(Saved data entries)
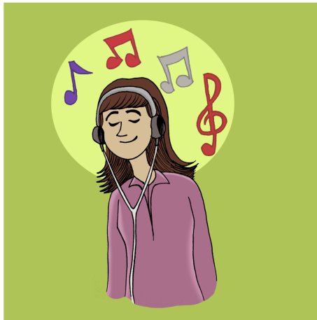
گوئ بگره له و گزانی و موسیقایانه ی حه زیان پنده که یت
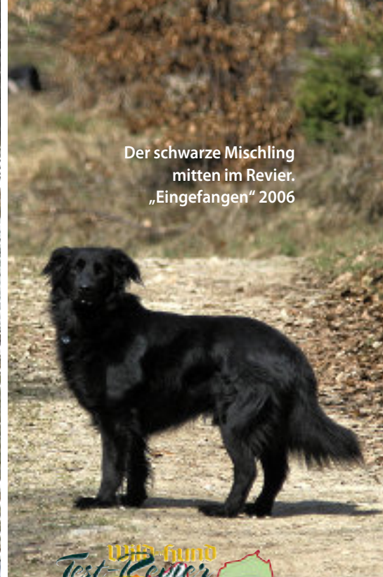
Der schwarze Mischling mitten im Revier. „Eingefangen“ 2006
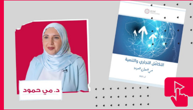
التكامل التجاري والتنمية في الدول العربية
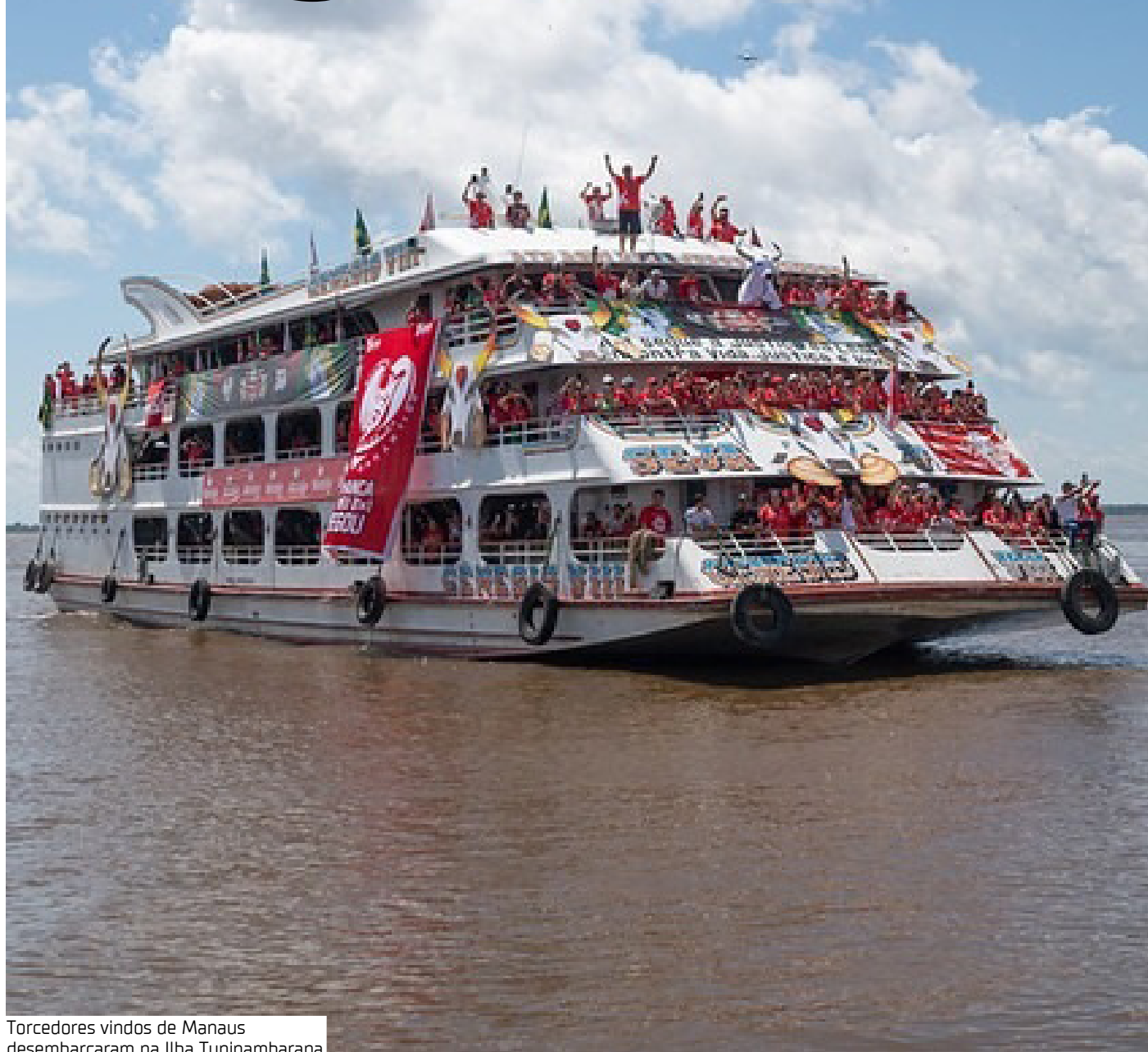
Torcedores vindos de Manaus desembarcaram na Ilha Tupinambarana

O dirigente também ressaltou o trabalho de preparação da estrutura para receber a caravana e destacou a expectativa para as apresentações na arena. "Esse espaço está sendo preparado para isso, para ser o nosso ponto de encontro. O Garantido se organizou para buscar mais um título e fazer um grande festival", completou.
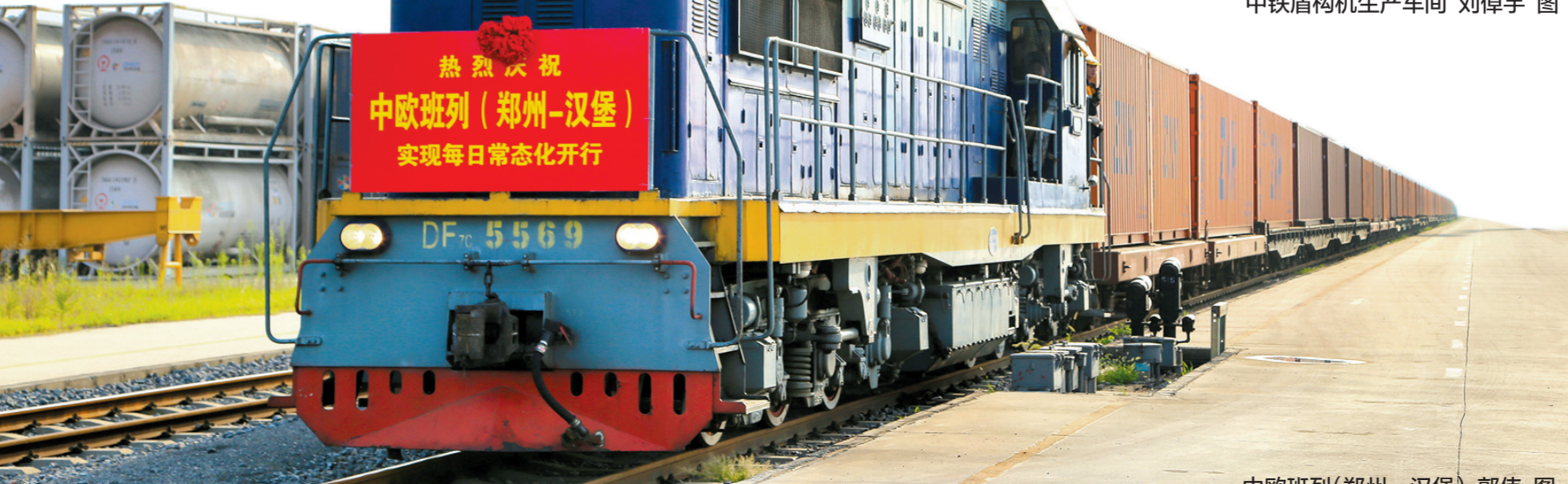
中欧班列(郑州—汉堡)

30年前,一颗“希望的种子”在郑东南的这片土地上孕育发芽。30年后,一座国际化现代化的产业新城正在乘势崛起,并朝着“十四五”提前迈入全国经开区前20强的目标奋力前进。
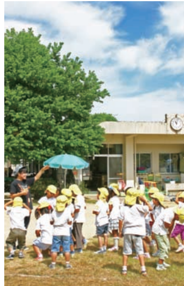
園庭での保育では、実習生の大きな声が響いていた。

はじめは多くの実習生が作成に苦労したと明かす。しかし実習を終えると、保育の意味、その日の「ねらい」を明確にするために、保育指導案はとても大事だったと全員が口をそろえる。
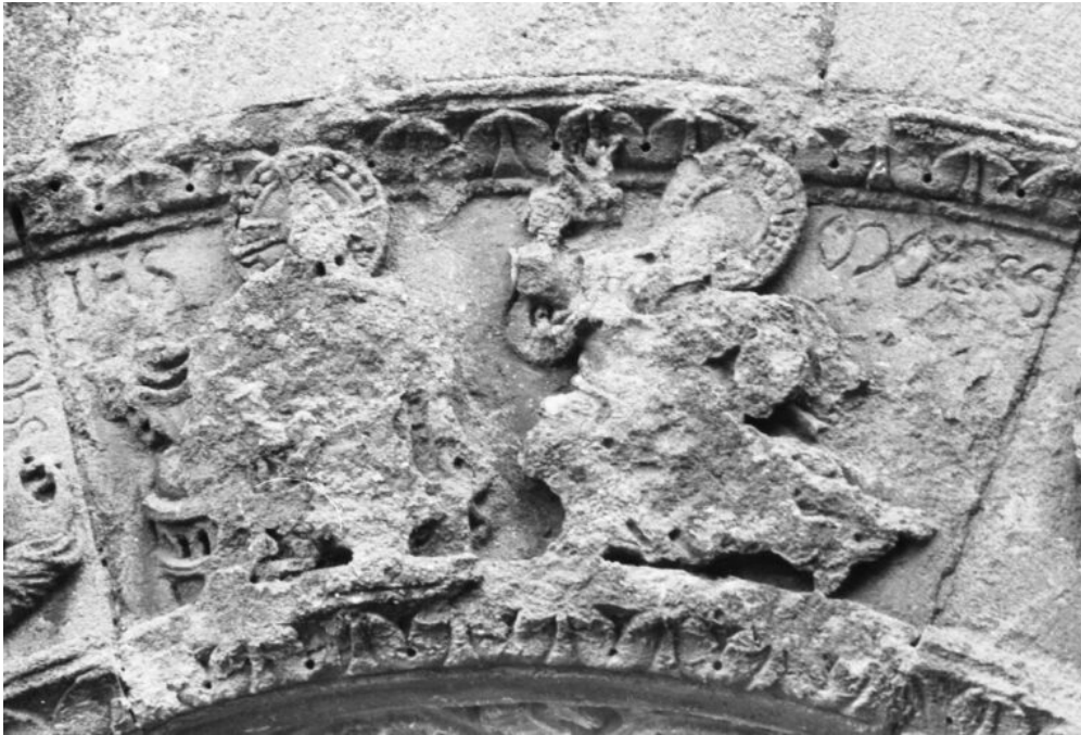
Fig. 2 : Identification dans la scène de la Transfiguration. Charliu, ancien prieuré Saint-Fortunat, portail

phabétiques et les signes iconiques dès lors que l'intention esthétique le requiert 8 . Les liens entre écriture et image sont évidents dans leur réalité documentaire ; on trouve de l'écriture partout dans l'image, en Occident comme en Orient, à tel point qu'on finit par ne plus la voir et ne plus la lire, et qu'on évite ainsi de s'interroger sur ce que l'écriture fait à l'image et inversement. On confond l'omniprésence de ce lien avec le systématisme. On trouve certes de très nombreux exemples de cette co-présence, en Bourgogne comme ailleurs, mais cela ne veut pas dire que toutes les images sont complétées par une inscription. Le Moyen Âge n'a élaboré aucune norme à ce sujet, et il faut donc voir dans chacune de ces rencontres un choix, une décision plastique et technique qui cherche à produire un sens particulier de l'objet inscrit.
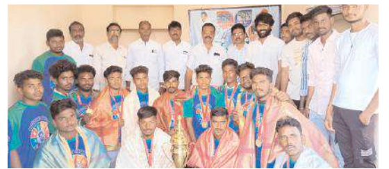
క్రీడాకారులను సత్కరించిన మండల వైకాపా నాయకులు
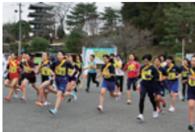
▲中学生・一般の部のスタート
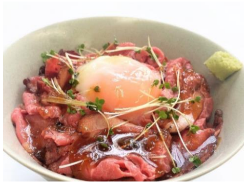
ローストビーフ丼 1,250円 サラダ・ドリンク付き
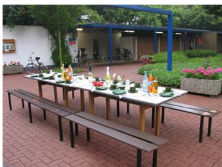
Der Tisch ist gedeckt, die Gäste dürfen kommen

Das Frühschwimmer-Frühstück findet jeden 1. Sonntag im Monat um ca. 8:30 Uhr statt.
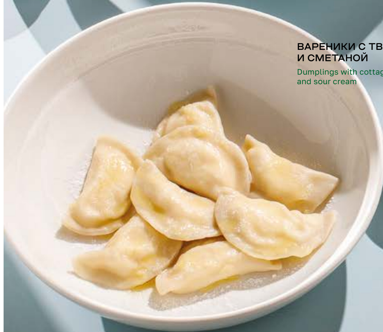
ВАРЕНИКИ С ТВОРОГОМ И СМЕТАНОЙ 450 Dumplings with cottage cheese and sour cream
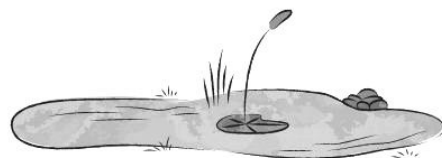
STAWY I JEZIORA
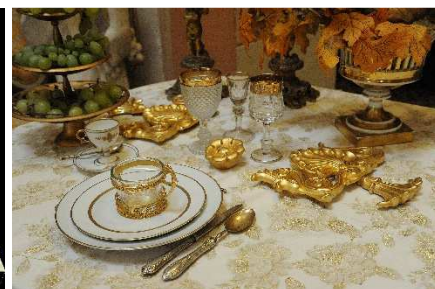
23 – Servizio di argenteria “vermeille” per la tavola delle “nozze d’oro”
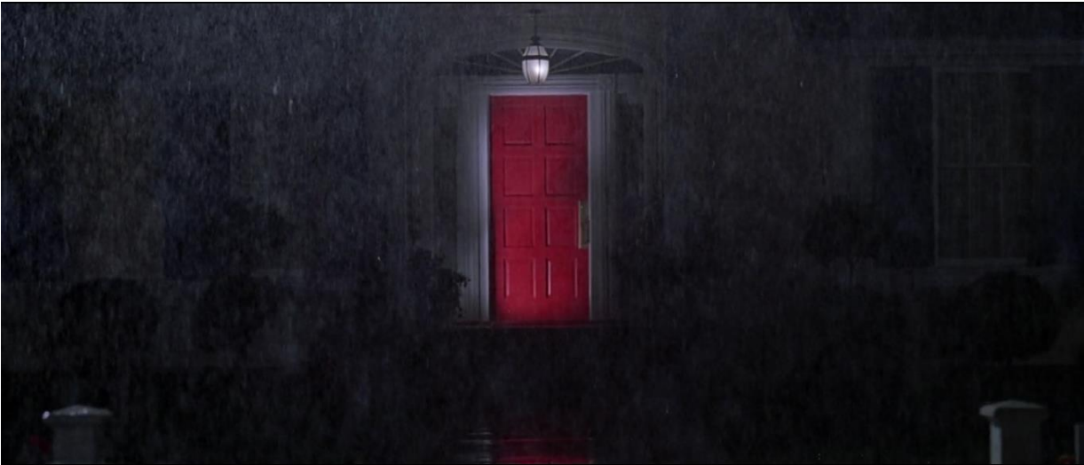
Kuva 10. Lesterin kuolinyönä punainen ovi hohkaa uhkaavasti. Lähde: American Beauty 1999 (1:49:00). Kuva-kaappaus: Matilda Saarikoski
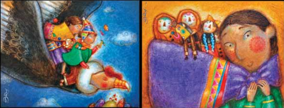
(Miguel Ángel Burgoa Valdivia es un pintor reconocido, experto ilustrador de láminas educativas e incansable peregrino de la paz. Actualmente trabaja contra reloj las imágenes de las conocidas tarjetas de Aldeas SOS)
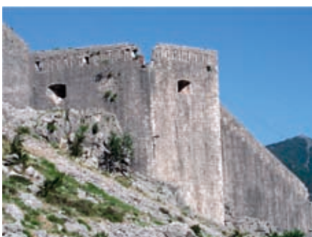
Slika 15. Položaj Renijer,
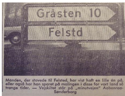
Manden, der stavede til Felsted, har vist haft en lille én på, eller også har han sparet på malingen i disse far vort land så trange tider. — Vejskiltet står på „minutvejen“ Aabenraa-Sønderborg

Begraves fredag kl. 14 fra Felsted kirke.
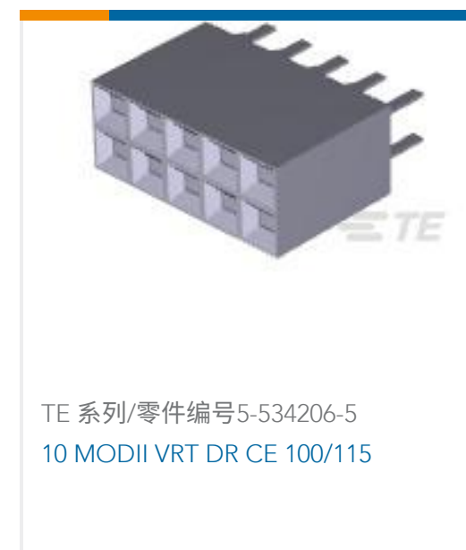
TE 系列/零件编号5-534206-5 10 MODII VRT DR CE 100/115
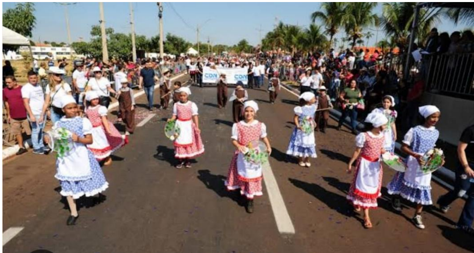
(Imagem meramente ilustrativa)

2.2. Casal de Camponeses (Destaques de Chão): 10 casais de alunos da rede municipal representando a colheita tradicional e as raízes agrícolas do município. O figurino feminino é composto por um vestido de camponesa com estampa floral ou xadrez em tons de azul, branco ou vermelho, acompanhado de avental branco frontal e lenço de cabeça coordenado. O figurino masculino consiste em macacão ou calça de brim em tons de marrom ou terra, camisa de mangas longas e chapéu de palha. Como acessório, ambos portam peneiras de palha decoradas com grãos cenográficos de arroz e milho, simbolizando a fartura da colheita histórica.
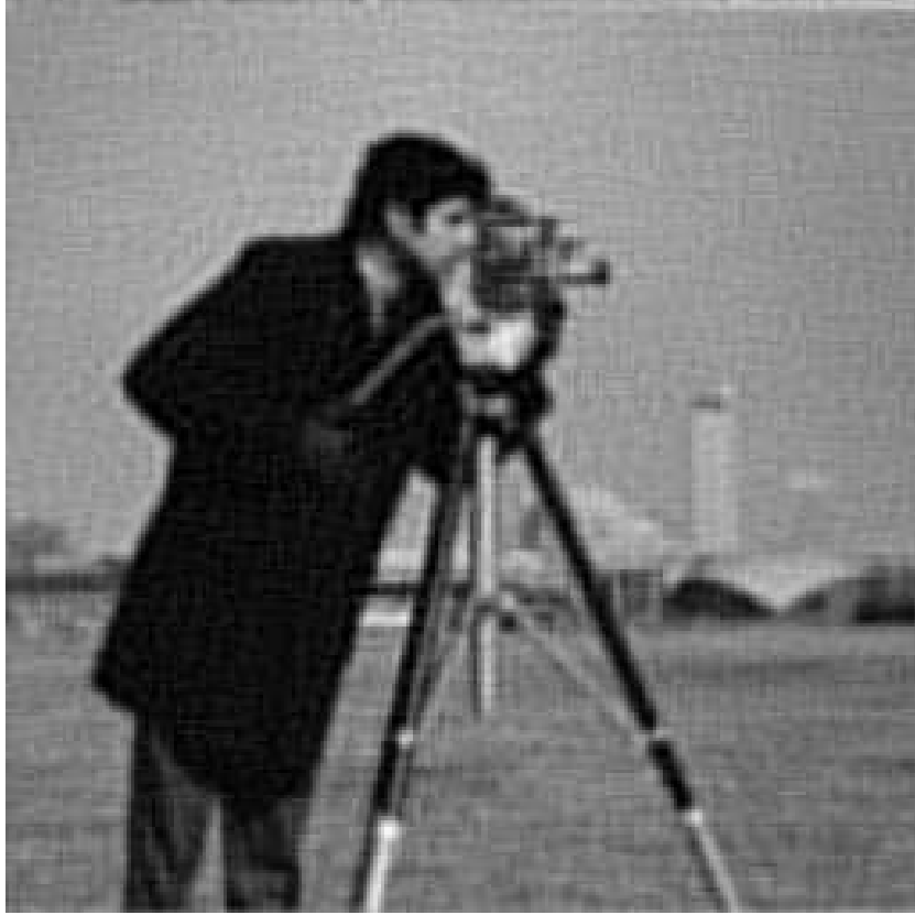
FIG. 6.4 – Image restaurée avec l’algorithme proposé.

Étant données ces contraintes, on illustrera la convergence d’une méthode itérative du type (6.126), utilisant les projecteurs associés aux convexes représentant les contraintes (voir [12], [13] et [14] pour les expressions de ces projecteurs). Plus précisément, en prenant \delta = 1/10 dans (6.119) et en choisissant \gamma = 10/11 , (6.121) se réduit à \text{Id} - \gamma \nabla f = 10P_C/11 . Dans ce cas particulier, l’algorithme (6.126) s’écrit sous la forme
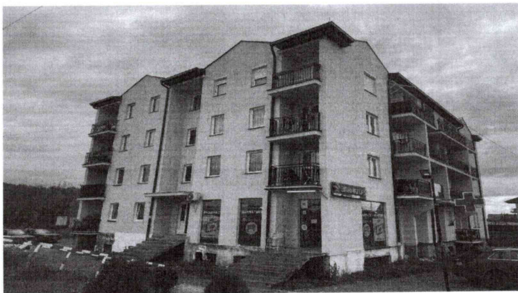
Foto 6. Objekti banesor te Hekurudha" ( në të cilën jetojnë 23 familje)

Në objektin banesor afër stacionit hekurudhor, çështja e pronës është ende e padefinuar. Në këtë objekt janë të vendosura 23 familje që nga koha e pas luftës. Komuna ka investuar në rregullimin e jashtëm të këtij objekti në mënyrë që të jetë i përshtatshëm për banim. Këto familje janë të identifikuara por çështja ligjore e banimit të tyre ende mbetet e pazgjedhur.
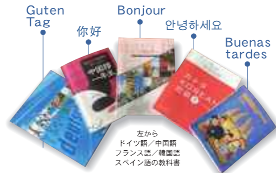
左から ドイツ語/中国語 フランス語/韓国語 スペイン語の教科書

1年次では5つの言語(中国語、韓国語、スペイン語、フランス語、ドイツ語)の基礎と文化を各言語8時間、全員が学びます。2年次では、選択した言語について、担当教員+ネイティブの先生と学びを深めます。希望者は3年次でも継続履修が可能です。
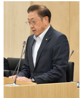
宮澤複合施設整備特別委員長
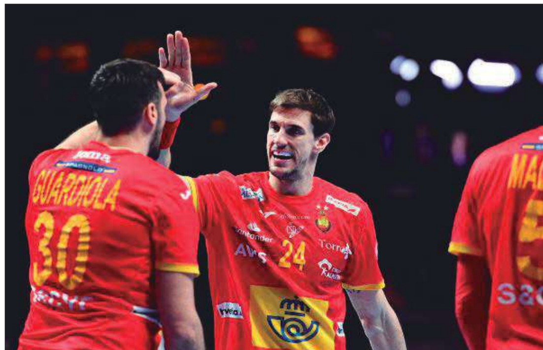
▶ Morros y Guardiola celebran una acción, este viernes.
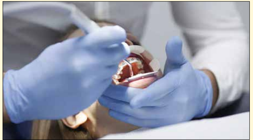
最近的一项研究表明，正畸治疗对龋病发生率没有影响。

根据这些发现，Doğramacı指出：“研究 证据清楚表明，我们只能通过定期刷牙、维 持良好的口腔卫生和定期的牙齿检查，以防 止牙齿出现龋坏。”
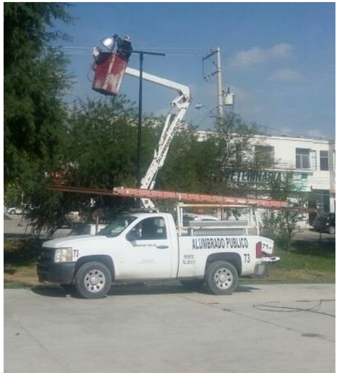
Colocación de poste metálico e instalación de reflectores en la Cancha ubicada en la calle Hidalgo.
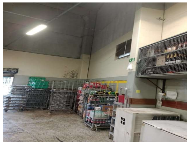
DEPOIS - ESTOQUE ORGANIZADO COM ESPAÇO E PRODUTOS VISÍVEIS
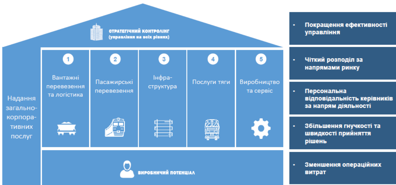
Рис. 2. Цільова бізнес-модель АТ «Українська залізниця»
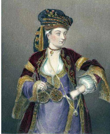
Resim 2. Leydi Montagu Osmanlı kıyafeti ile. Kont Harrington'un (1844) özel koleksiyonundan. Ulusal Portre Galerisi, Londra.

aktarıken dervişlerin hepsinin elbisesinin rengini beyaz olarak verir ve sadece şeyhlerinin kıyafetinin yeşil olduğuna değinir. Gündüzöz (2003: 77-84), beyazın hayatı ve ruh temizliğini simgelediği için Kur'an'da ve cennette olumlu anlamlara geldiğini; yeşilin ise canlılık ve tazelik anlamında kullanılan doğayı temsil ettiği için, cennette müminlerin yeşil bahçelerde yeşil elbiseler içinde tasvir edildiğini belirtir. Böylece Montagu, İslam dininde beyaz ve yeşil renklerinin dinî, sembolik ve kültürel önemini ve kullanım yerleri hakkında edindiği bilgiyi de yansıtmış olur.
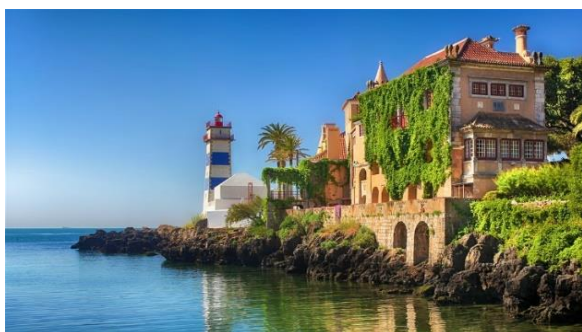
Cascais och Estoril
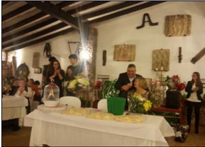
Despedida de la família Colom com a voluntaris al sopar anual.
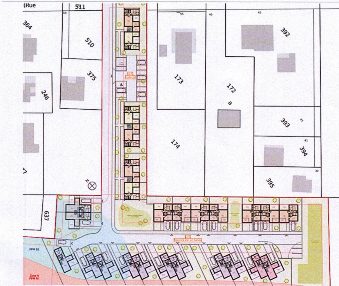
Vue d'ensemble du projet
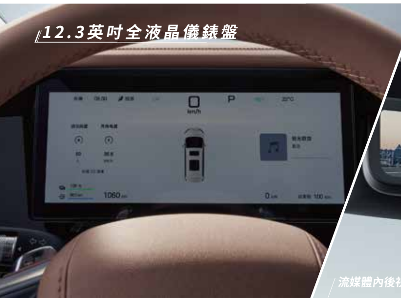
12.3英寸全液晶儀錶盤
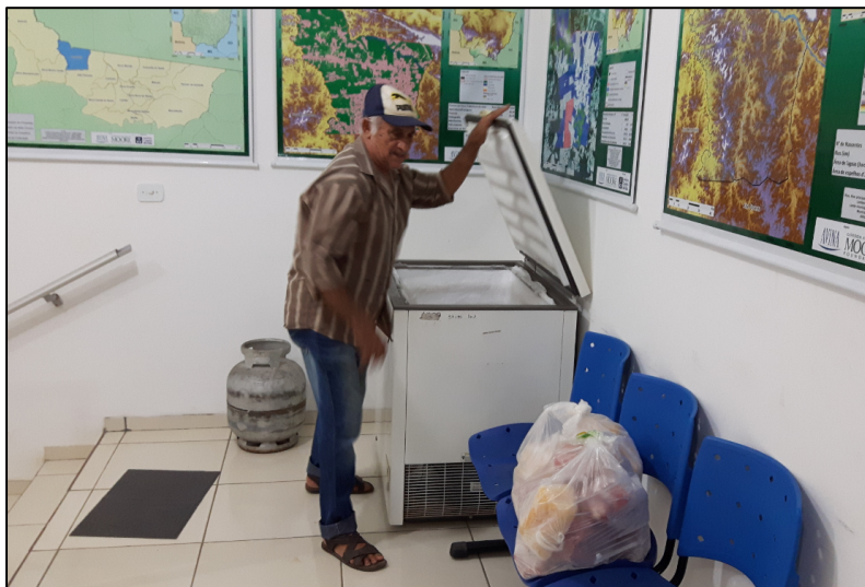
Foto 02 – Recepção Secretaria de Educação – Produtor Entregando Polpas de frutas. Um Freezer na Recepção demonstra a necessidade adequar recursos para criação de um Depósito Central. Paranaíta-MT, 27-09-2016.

**TASK**
Above are several records. Count the lines among them that contain "voir" and give only the total.

**ANSWER TO THE EXERCISE**
2